Re: Crawling Behavior

  • Subject: Re: Crawling Behavior
  • From: "Wrm" <nomailstodragon@north.invalid>
  • Date: Wed, 10 Aug 2005 10:52:52 +0300
  • Newsgroups: alt.internet.search-engines
"Roy Schestowitz" <newsgroups@schestowitz.com> kirjoitti 
> Wÿrm wrote:


> 'The' is a stop word. It doesn't (shouldn't) get indexed. Any results
> returned for such a query should be taken with a grain of salt.

Actually not that long when google also did return indexed pages with 
stopwords, especially last year before they "doubled" their index it was 
very obvious that in reality they had already way more than that 4 billion 
pages in index :)

> Inktomi (Yahoo) do not appear to pick up many images. They certainly don't
> add up to quite the same amount of traffic (bandwidth or hits). They also
> have bugs in their code which causes them to crawl sites incorrectly and
> raise many errors. In my mind, Yahoo have the poorest crawler (not search
> engine, but _crawler_) among the top 3 SE's.

That might be indeed.

> Yahoo probably likes your site.
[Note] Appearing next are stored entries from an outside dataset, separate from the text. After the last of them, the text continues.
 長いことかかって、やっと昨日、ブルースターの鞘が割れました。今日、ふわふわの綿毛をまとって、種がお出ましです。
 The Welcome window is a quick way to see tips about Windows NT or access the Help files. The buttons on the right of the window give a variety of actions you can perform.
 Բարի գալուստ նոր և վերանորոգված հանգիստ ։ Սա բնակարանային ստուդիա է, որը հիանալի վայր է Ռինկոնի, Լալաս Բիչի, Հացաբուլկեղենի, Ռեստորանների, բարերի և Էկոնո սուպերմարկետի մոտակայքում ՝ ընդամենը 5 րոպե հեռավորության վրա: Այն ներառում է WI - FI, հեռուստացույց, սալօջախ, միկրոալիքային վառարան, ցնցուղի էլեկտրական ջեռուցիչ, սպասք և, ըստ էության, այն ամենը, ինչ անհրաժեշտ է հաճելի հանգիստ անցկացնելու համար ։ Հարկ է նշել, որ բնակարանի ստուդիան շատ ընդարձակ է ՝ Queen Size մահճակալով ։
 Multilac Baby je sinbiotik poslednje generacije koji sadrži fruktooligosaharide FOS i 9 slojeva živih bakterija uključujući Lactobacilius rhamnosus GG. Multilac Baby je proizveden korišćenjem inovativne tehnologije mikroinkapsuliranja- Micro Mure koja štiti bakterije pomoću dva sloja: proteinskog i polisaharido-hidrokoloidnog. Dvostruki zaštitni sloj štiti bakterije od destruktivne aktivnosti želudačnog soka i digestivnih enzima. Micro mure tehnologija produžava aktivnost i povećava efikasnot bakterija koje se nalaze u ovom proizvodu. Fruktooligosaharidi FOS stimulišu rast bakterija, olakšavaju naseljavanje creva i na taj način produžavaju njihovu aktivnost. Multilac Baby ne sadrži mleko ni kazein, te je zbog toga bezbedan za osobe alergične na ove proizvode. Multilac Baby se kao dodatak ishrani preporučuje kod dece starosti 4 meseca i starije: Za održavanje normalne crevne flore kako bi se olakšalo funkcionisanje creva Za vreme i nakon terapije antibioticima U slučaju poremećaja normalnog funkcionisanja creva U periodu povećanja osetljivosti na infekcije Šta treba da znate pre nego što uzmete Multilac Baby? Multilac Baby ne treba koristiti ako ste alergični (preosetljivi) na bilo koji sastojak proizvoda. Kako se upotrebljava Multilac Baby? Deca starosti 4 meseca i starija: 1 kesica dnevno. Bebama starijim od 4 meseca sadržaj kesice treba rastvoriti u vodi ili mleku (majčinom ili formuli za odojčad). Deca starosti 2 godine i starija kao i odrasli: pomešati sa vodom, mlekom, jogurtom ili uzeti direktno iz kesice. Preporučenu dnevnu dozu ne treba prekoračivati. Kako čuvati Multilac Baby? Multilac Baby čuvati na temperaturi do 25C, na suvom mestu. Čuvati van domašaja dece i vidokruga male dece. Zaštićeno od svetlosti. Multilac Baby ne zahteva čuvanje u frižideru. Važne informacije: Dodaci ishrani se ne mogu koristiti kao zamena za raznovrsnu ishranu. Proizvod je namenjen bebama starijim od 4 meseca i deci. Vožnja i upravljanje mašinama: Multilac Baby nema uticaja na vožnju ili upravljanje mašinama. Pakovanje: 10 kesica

An old site of mine gets crawled primarily
> by MSN, slightly by Google, but is largely neglected by Yahoo.

True, I am top in yahoo for my keywords, then again I am top too in msn, and 
in google, just not with that many keywords there. Mainly reason is I have 
been experimenting with inpage optimization and how it affects SERPS.

> Site maps are supposed to speed indexing up, or so I imagine.

True, been using google sitemaps too since they started to use those. Before 
sitemaps there were some pages that weren't indexed, after google started to 
use sitemaps it didn't take that long before they had all pages indexed and 
considering I wasn't adding links I believe it was because of sitemaps.

> They must be 'cycling' their attention. Perhaps the intervals between 
> heavy
> crawls is more or less fixed...?

Some reason for yahoo there seems not to be "heavy" crawling in mysite. Very 
steady crawling instead. For MSN and Google that might be true but latest 
logs from 1.5 months show more heavy crawling very randomly from both 
engines, need to check some my older logs to see if there's certain 
interval, but I can't remember I'd seen anything like that sofar. In June 
21st googlebot was busy, in July 27th was busy day, and in sofar it was 
August 3rd when they were busy. Some reason those moments Googlebot gets 
busy seem more random though...